# Lifts in residential work



## DeanV (Apr 18, 2007)

How often do you guys use a lift? 

I never have so far, but am pricing one project that has EIFS from 20' to 30' off the ground. Without a lift, I cannot see any good way to evenly apply paint to the surface and have it look good. Working from ladders, too much start and stop would leave lap marks I am thinking. Scaffolding would be an option, but this is a multiple unit project and it would be needed on 2 sides of each building, so it would be a lot of set up and tear down.

I am thinking that the towable JLG lifts would be the best approach to avoid ruining lawns (lay down plywood to protect the turf).

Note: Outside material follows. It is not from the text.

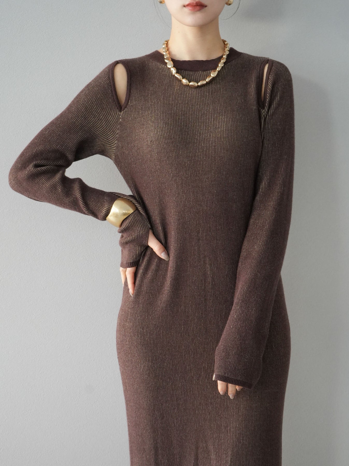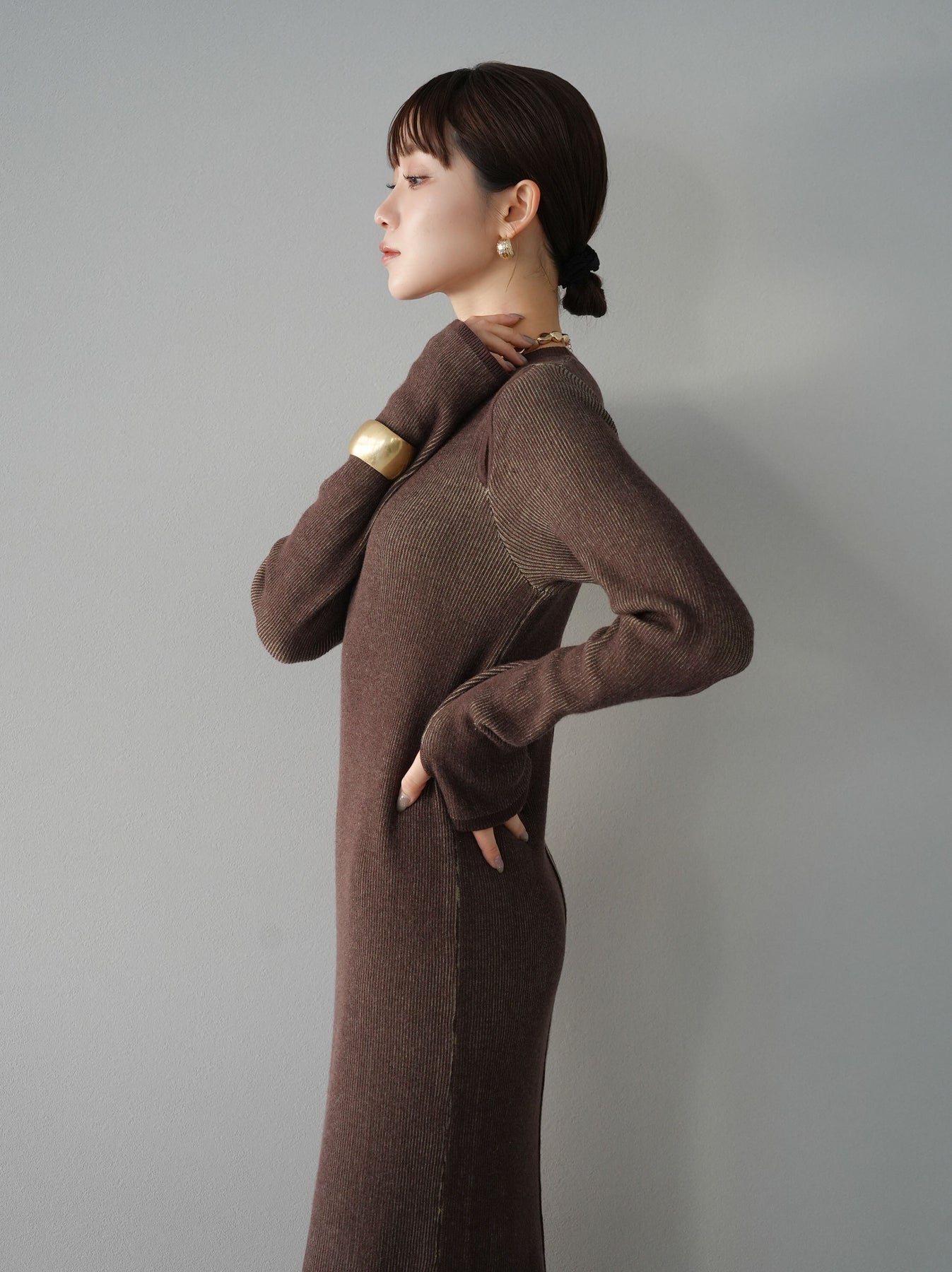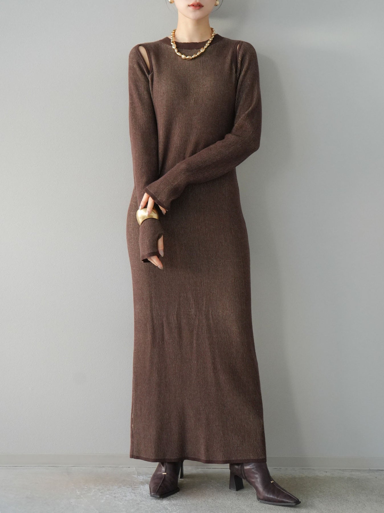 [予約]カットアウト配色リブニットワンピース/ブラウン×ライトグリーン

Any thoughts or advice concerning lifts, scaffold, etc for things like this?


----------



## aaron61 (Apr 29, 2007)

The towables won't usually get us where we need to be in order to justify bringin 1 in. We just keep 10 sheets of 3/4 ply on hand and go for the big boy.You just need to make sure you lay out all the disclaimers to the HO like,sprinkler lines,plants,grass,fence etc.... Sometimes we've had to include removing and re-installing all of these items.


----------



## DeanV (Apr 18, 2007)

The towables I looked at are rated for 35 and 50 feet vertically (working height). The other problem with lifts, is the projects I am looking at tend to really water the ground (spongy ground all day long). Makes me nervous about using a lift, even with plywood. For residential, it seems like the lifts never fit where we need them.


----------



## aaron61 (Apr 29, 2007)

That's the problem with the towables.They won't get you over & up. Always get more thasn you think you need. We have the guy who we rent from come out to the site & give us his recommendation.


----------



## [email protected] (Mar 1, 2008)

Just had a 85' one on a job. It was great till I had to get into the grass. Made confitti of 6 sheets of 3/4 osb board witch I endup making just 3 nuc boxes for honey bees got allmost half way to where I needed to go and was just getting deeper tracks so I quit. and head back to the pavement. :whistling2:
David


----------



## NEPS.US (Feb 6, 2008)

Drink much?

Why would you need a 85'er on a res job?


----------



## mblosik (Jan 3, 2009)

*Lap marks?*



DeanV said:


> How often do you guys use a lift?
> 
> I never have so far, but am pricing one project that has EIFS from 20' to 30' off the ground. Without a lift, I cannot see any good way to evenly apply paint to the surface and have it look good. Working from ladders, too much start and stop would leave lap marks I am thinking. Scaffolding would be an option, but this is a multiple unit project and it would be needed on 2 sides of each building, so it would be a lot of set up and tear down.
> 
> ...


Hey Dean--I always prime with Peel Bond before topcoat. It seals the surface great. Never had a lapper on siding or trim. I just use ladders. Everyone has their own way of doing things, but to me, the Peel Bond is a secret weapon....:thumbup: enjoy your posts, by the way...very helpful!


----------



## StefanC (Apr 29, 2009)

[email protected] said:


> Just had a 85' one on a job. It was great till I had to get into the grass. Made confitti of 6 sheets of 3/4 osb board witch I endup making just 3 nuc boxes for honey bees got allmost half way to where I needed to go and was just getting deeper tracks so I quit. and head back to the pavement. :whistling2:
> David


That's a heavy lift! I used OSB before for a towable, didn't work. Plywood on the other hand works much better.


----------